No, i want to get the gene counts. I though this is equivalent to gene counts only. Can you please tell me how to get the gene count? what to include in the code? Actually i am very new to this data analysis and i dont know much.
If I remember correctly you will need to add the
-g
parameter (eg.-g gene_id
) where the value of that parameter is what you want to summarize on.In my example it will summarize all matches of reads to exons onto the level denoted by gene_id (might be something else in the gff you are using though, but gene_id is the most likely one) In essence you will need to use the tag that groups all exons to a unique feature (gene_id, transcript_id ... )

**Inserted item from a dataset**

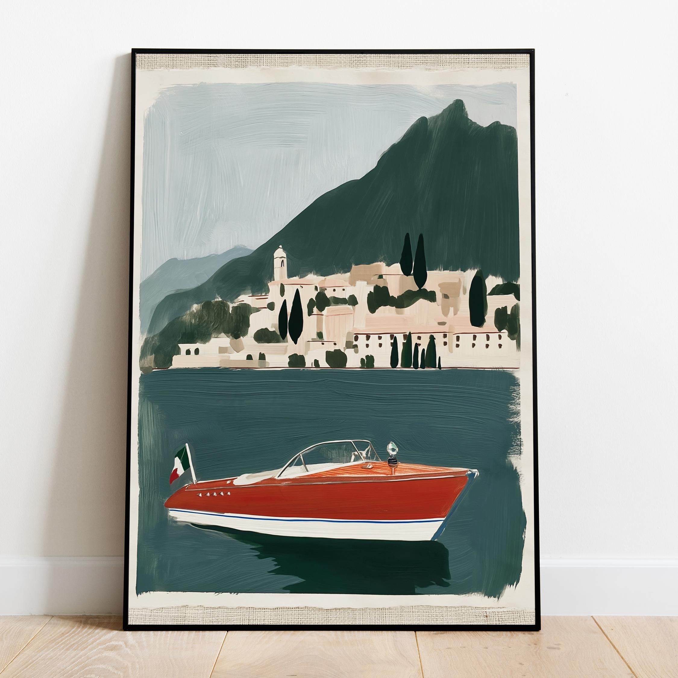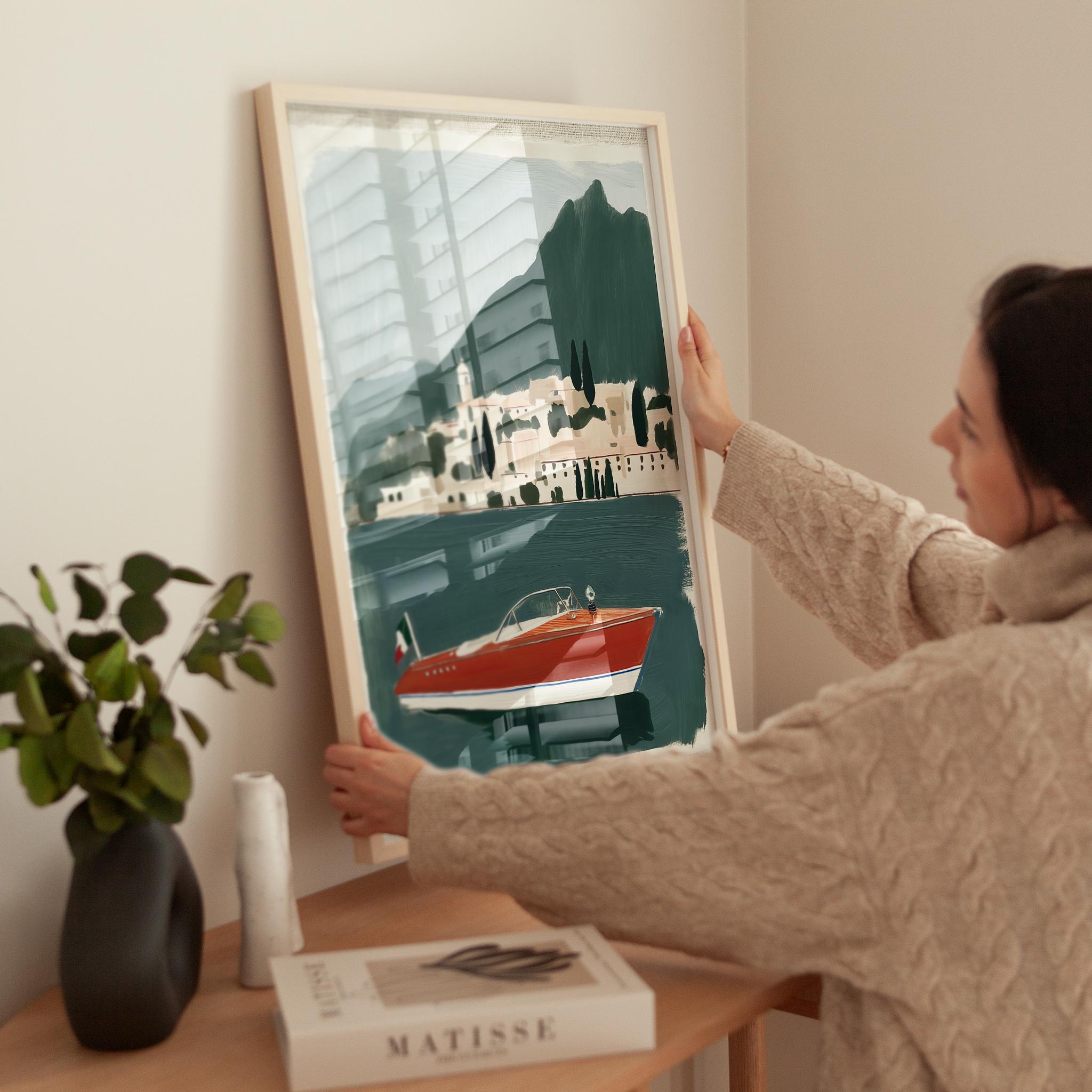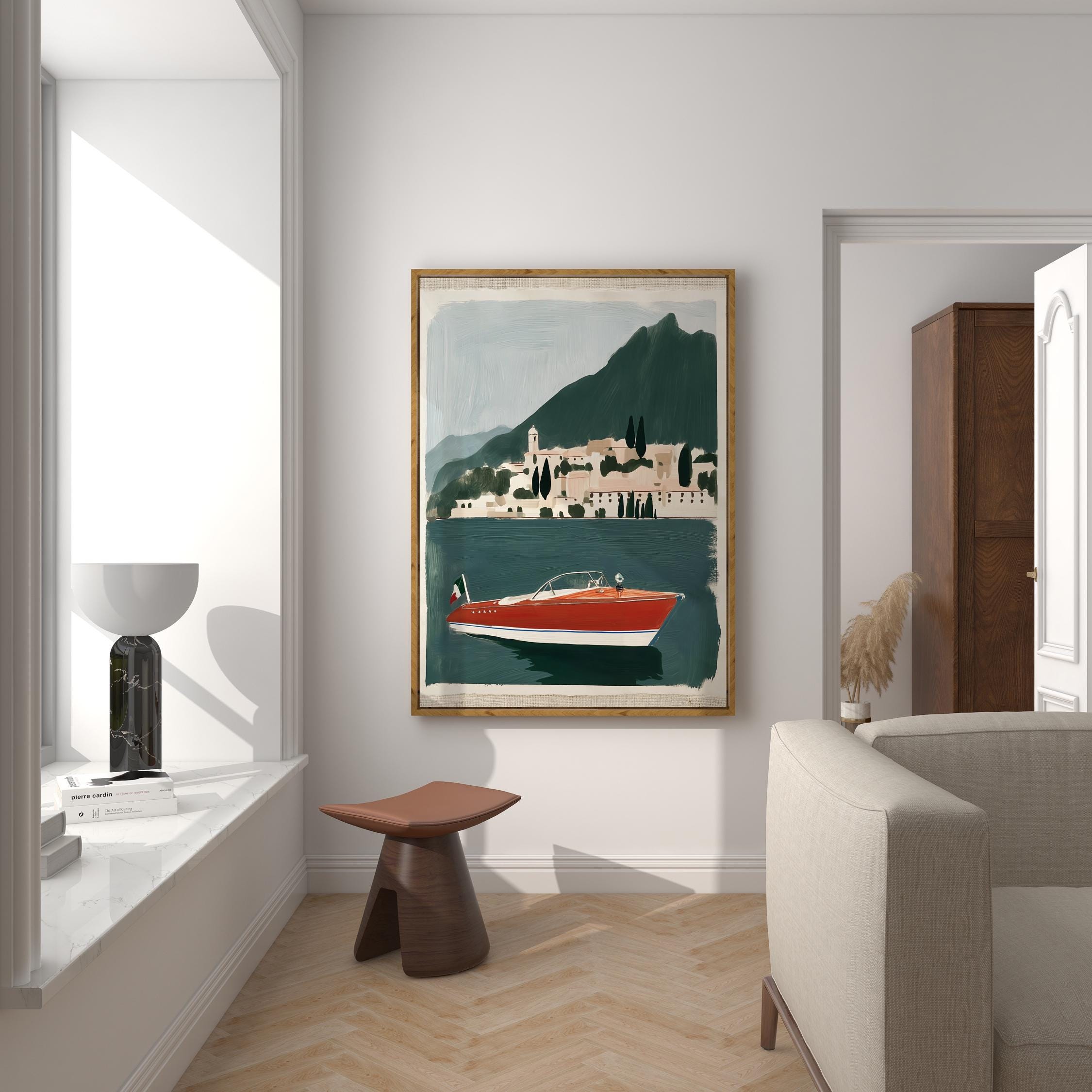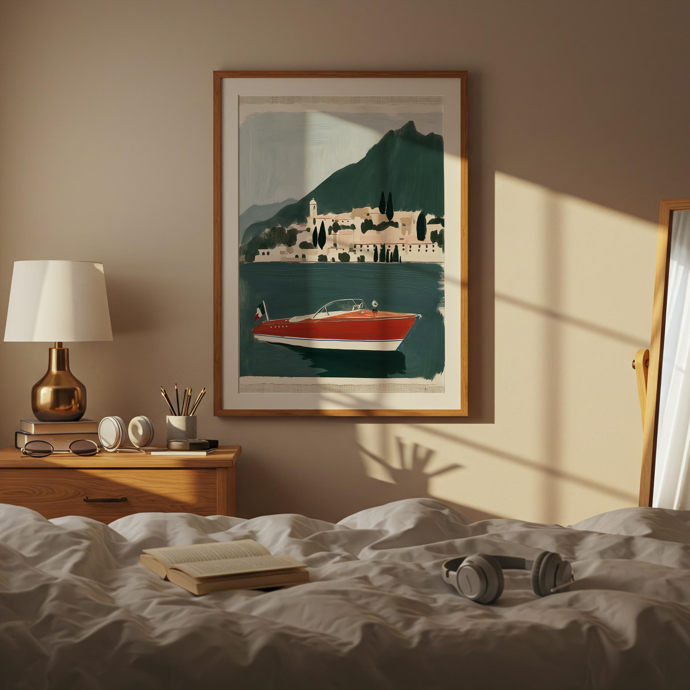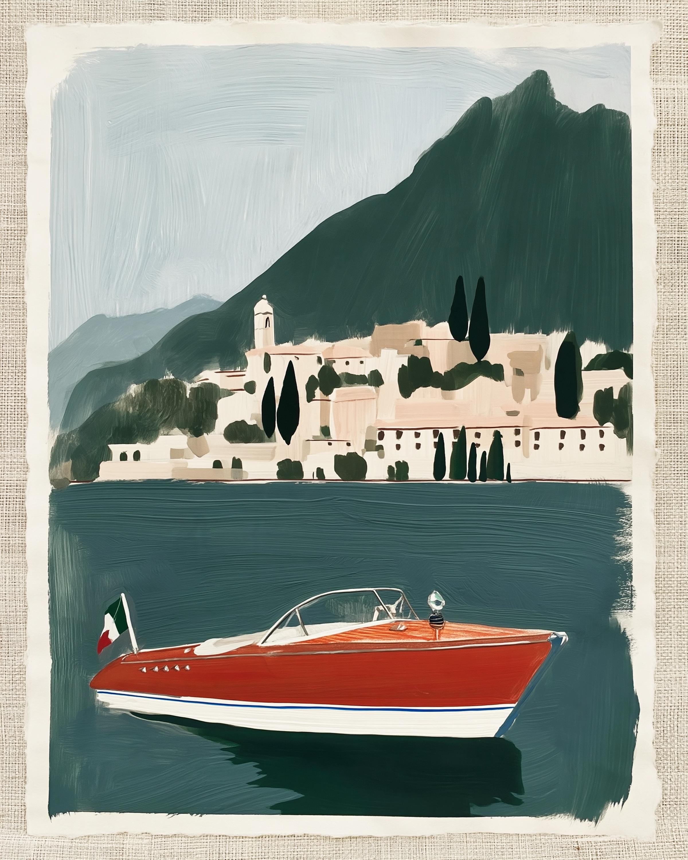 a vintage speedboat painting, perfect for a coastal living room and a great gift for a summer housewarming party.

The command looks fine to me. The
-g
parameter should begene_id
by default. The-t exon
parameter is also default. These two options work together to specify, for each gene id, calculate the number of reads over their exons.Adding the
-f
flag would make it count each exon seperately. As is (without-f
), it counts reads over each exon, then adds the counts from exons with the same gene_id.The percentage of mapped reads assigned to features in your annotation file will depend on what annotations you are mapping them to and the nature of your data.
For example, for ribo-depleted RNA-seq this is roughly the rate I see when mapping only to gene exons, especially when excluding multi-mappers and overlapping reads. This is because, for my data, many RNA molecules come from repetitive (many copies in the genome) regions, and I also detect a significant amount of intronic signal, which can add up considering how large introns are.
I have added the -g gene_id and -t exon options too but still the %assigned in featureCounts is same only...so is that normal to have such low percentage? or there maybe chance that i am doing some kind of error? The protocol used ribo depletion.Kindly answer.
Also inspect your alignments visually in a browser like IGV to see where the reads are piling up. If they are aligning outside gene models then that is a characteristic of your data.
Can you confirm that you are using the correct GTF file linked to the genome you used for doing the mapping (species, version, ...) ?
One way to check why there is a low read count is to also count the multimappings. (you might get some pointers from this post for inspiration: featureCounts --primary tag counting uniquely mapped reads and excludes multi-mapped reads? ). If the "missing percentages" are in that part you at least know what is going on.
This is the summary of my alignment for one of my samples and i had used the fasta and gtf files from https://www.gencodegenes.org/mouse/ ...For fasta i have taken the "whole genome" and for the gtf i have used the "Comprehensive gene annotation ALL It contains the comprehensive gene annotation on the reference chromosomes, scaffolds, assembly patches and alternate loci (haplotypes)" of GRCm39 Should i take into account the ambiguous and multimapping reads?
Looks like a large fraction of your reads do not map to known features (or could be mapping to rRNA/introns, which you are likely not counting).
Can there be a chance that i am making any mistakes? or this is what the data is.
There's no obvious mistake I see, but I agree with GenoMax that you should check your RNA signal on IGV to see how it aligns to genes.
I tend to use the "primary" GTFs instead of the "All" gtfs, but it seems that it shouldn't matter that much.